Renfe retreat from Paris casts doubt on Talgo's €350m Le Train order
- 4 days ago
- 2 min read

Spanish rolling-stock manufacturer Talgo faces the potential collapse of a €350 million contract to supply up to ten Avril high-speed trainsets to French private operator Le Train, after state-backed Renfe shelved its planned expansion into the French market, removing the only live pathway to certifying the fleet north of the Pyrenees.
The Basque manufacturer's 2023 preliminary agreement with Le Train, which aims to launch high-speed services in western France, was explicitly contingent on securing French homologation for the Avril platform.
That process had been expected to proceed on the back of Renfe's Lyon to Paris rollout. Renfe has now allowed its framework agreement for paths between the two cities to lapse, citing "accumulated difficulties" in certifying the trains and the absence of a workable launch timetable.

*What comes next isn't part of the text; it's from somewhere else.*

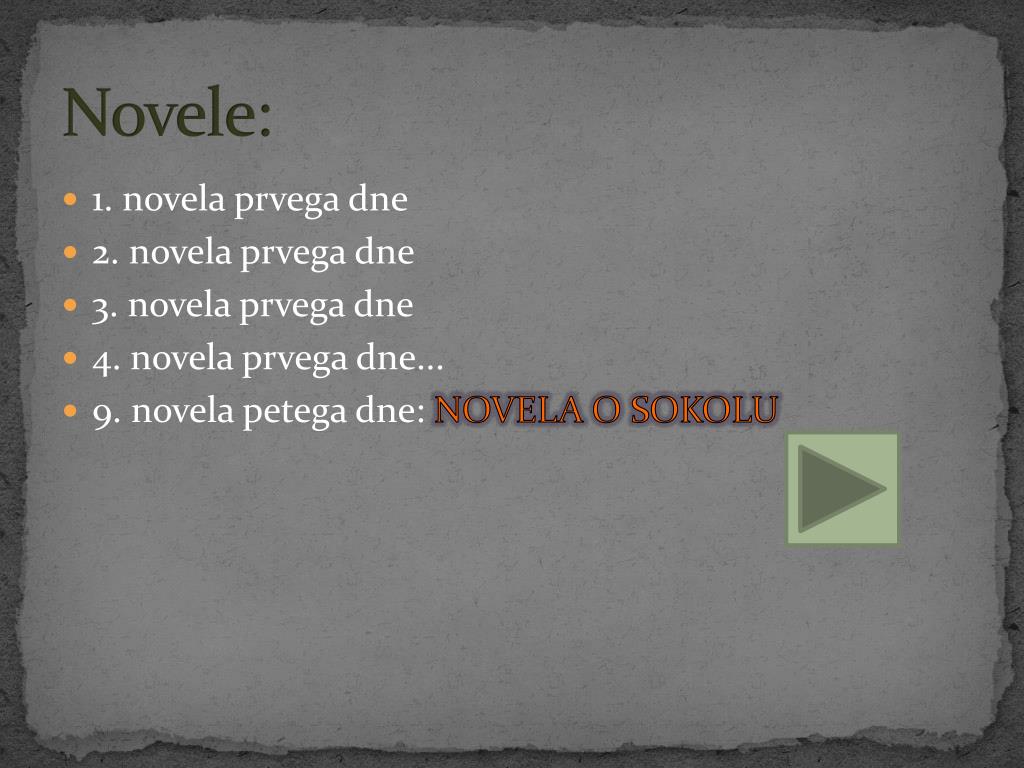 Novele: • 1. novela prvega dne • 2. novela prvega dne • 3. novela prvega dne • 4. novela prvega dne... • 9. novela petega dne: NOVELA O SOKOLU

According to El Economista, the sole Avril unit undergoing homologation testing in France is set to be recalled to Spain and redeployed domestically. Of the 30 Avril trains ordered by Renfe, 27 are already in operation on Spanish lines. Without an active unit in France, industry insiders concede there is no clear short-term route to completing approval, a process understood to be around 70% complete. By comparison, Paris took about two years to certify Trenitalia's Frecciarossa trains.
Renfe has publicly accused French infrastructure manager SNCF Réseau of frustrating the process to limit its ability to compete with the state-backed incumbent, and is now seeking regional passenger operating contracts, including the Bourgogne-Franche-Comté TER package, while maintaining its Barcelona to Lyon and Madrid to Marseille corridors.
Talgo said it would honour the Le Train agreement and pursue the necessary approvals, though the setback casts fresh doubt over the pace of genuine liberalisation in France's high-speed market.